Background: This study aims to compare responses generated by DeepSeek, a new large language model, and ChatGPT to erectile dysfunction (ED)–related questions.
Methods: The study was conducted by posing online queries to both ChatGPT-4o (OpenAI, United States) and DeepSeek V3 (Hangzhou DeepSeek Artificial Intelligence, China). The most frequently asked questions about ED were identified using Google Trends. The responses from both artificial intelligence (AI) were evaluated by three board-certified urologists, who rated their accuracy on a scale of 1 to 4. Readability was assessed using the Flesch Reading Ease Score (FRES), Flesch-Kincaid Grade Level (FKGL), and Gunning Fog Score (GFS).

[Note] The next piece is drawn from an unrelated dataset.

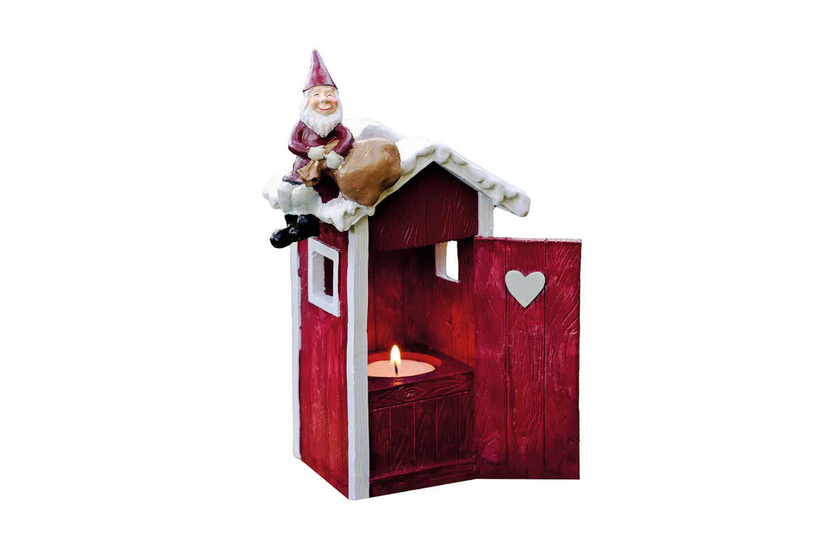 Nisse, kledd i rød lue og jakke og hvit bukse, sitter på taket av en rød og hvit utedo. Pass på hvor du setter deg – det kan være varmt!

Results: DeepSeek V3 received a significantly higher total reviewer score compared to ChatGPT-4o (4 (IQR 1) vs. 3 (IQR 1); p = 0.016), and its responses contained more words on average (233 (IQR 113) vs. 139 (IQR 99), p = 0.004). While no significant difference was observed in FRES (-5.7 (IQR 17.5) vs. -10.1 (IQR 17.7), p = 0.140), both FKGL ( 16.5 (IQR 1.9) vs. 17.9 (IQR 2.7), p = 0.034) and GFS (18.8 (IQR 4.9) vs.20.6 (IQR 5.8), p = 0.016) scores were significantly lower for DeepSeek-V3, indicating superior readability.
Conclusion: While both ChatGPT-4o and DeepSeek-V3 generated fluent and readable responses, DeepSeek-V3 consistently provided longer, more comprehensive, and highly readable answers,accompanied by higher expert-rated accuracy to ED-related questions. These findings highlight the potential of newer AI models—driven by rapid competitive advancements—to effectively address patient inquiries in sensitive medical domains like ED.
Supplementary Information: The online version contains supplementary material available at 10.1186/s12894-025-02037-6.
Keywords: Artificial intelligence; ChatGPT; DeepSeek; Erectile dysfunction.